A month later, barely ten days ahead of the Supreme Court’s decision, Massachusetts Democrat Senator Elizabeth Warren introduced the Health and Location Data Protection Act. Couched in the abortion surveillance fears arising from the Court’s verdict, the legislation is blunt in its approach: it simply bans the sale and transfer of sensitive health and location data by data brokers.
‘Beyond solely reproductive health decisions, our location data can reveal so much about us, such as where we protest and where we worship,’ says Owen. ‘The Health and Location Data Protection Act recognizes that the multibillion-dollar data broker industry must be stopped from selling our most private information now more than ever to protect pregnant people and all communities targeted by over-policing and surveillance abuses, including BIPOC, Muslim, immigrant, and LGBTQ+ communities.’
Insights For India
America’s piecemeal approach may be important to consider in India’s digital health sector. Sensitive data protection rules have done little to stem leaks of health data in India—a situation possibly exacerbated by the absence of a robust, inclusive national data protection law.

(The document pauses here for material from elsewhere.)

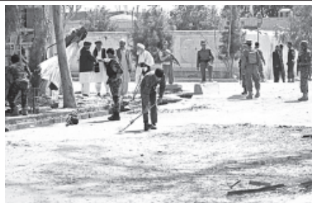
An Afghan policeman sweeps broken glass at the scene of a bomb explosion in Kandahar south of Kabul, Afghanistan, on 14 March, 2012. A delegation investigating Sunday’s shooting killing civilians in Panjwai, Kandahar by a US soldier was meeting in the southern city of Kandahar on Wednesday when a bomb hidden in a motorcycle exploded about 600 yards away. The blast killed one Afghan intelligence official and wounded three other people, but the delegation members were unharmed.

As MediaNama has previously reported, India is a ‘land of [data] leaks,’—sensitive health data of 12.5 million pregnant women was left unprotected by the health department of a north Indian State in 2019, while 2018 saw the Andhra Pradesh government wantonly leak health data pertaining to individuals’ reproductive health, ambulance requests, pharmacy purchases, and abortions. In 2019, the fertility tracking app Maya, with 7 million downloads at the time, shared sensitive reproductive health data with Facebook.
However, right now, ‘there’s no protection for data in India,’ says Jain, referring to the long-pending enactment of the Personal Data Protection Bill. ‘So, in general, we are dependent on the largesse of companies and how they choose to protect our privacy. When it comes to protecting health data, we do have the sensitive personal data Rules, which lay out devising privacy policies and other protection measures [such as consensual data collection and processing by ‘body corporates’]. But again, they only apply to the private sector, not the government, and lack sufficient enforcement mechanisms.’